If you took the water resources afternoon test, did you think there were way more than 35% environmental questions? I thought it was really environmentally heavy. It was a lot harder than I expected, in fact, I ran out of time and had to guess at a couple of questions.

If you took afternoon water resources, how did you think it went and did you think it was environmentally heavy?

 
If you took the water resources afternoon test, did you think there were way more than 35% environmental questions? I thought it was really environmentally heavy. It was a lot harder than I expected, in fact, I ran out of time and had to guess at a couple of questions.If you took afternoon water resources, how did you think it went and did you think it was environmentally heavy?
I'm not familiar with that specification but remember that if they ask an engineering econ question that happens to involve a scrubber or something environmental, they probably counted it as an engineering econ question and not an environmental question. Could there have been some questions like that?

 
I didn't think that it was too heavy in environmental, the Oct. 2006 test had way more environmental, but I thought that some of the environmental questions were too indepth/involved. Maybe they were just throwing more information than we needed into the questions. I also ran out of time and ended up best guessing on 5 questions.

 
I don't remember thinking that during the exam. All I remember thinking was that at about an hour left in the afternoon session I thought my brain had turned to mush and was going to ooze out of my nose and onto my answer sheet, thereby invalidating my answers. I'm sure a proctor would have told me to clean it up.

 
That's OK, I'm sure next time there will be to much geotech...

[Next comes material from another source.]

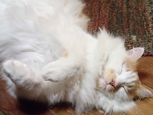 ある晩、農楽娘と一緒に農楽里へ帰る夜道のこと。南長野ゴルフクラブの峠を越した下り坂の途中で、走らせていた車の前を、右から左へふわーっと狐の尾のような太い尻尾のフワフワの猫が道をさっと横切ったのでした。一瞬「え、今のは狐?いや、大きさと姿からは猫! まるでお伽噺に出てくるような白狐の様な猫!」と興奮したことを覚えています。

:f_115m_e45d7af: <--- what the heck is this supposed to be?

 
Beth --

I think if you look over the specifications for water resources and environmental, you might find a little overlap. For instance, water treatment is considered water resources while wastewater treatment is considered environmental. I think it is very easy to interchange some of the problems between environmental and water resources.

One other factor that seems to support the notions is that NCEES has respecified the exam to merge water resources and environmental.

While it may have seen overly grueling on environmental, I hope you still did well Beth.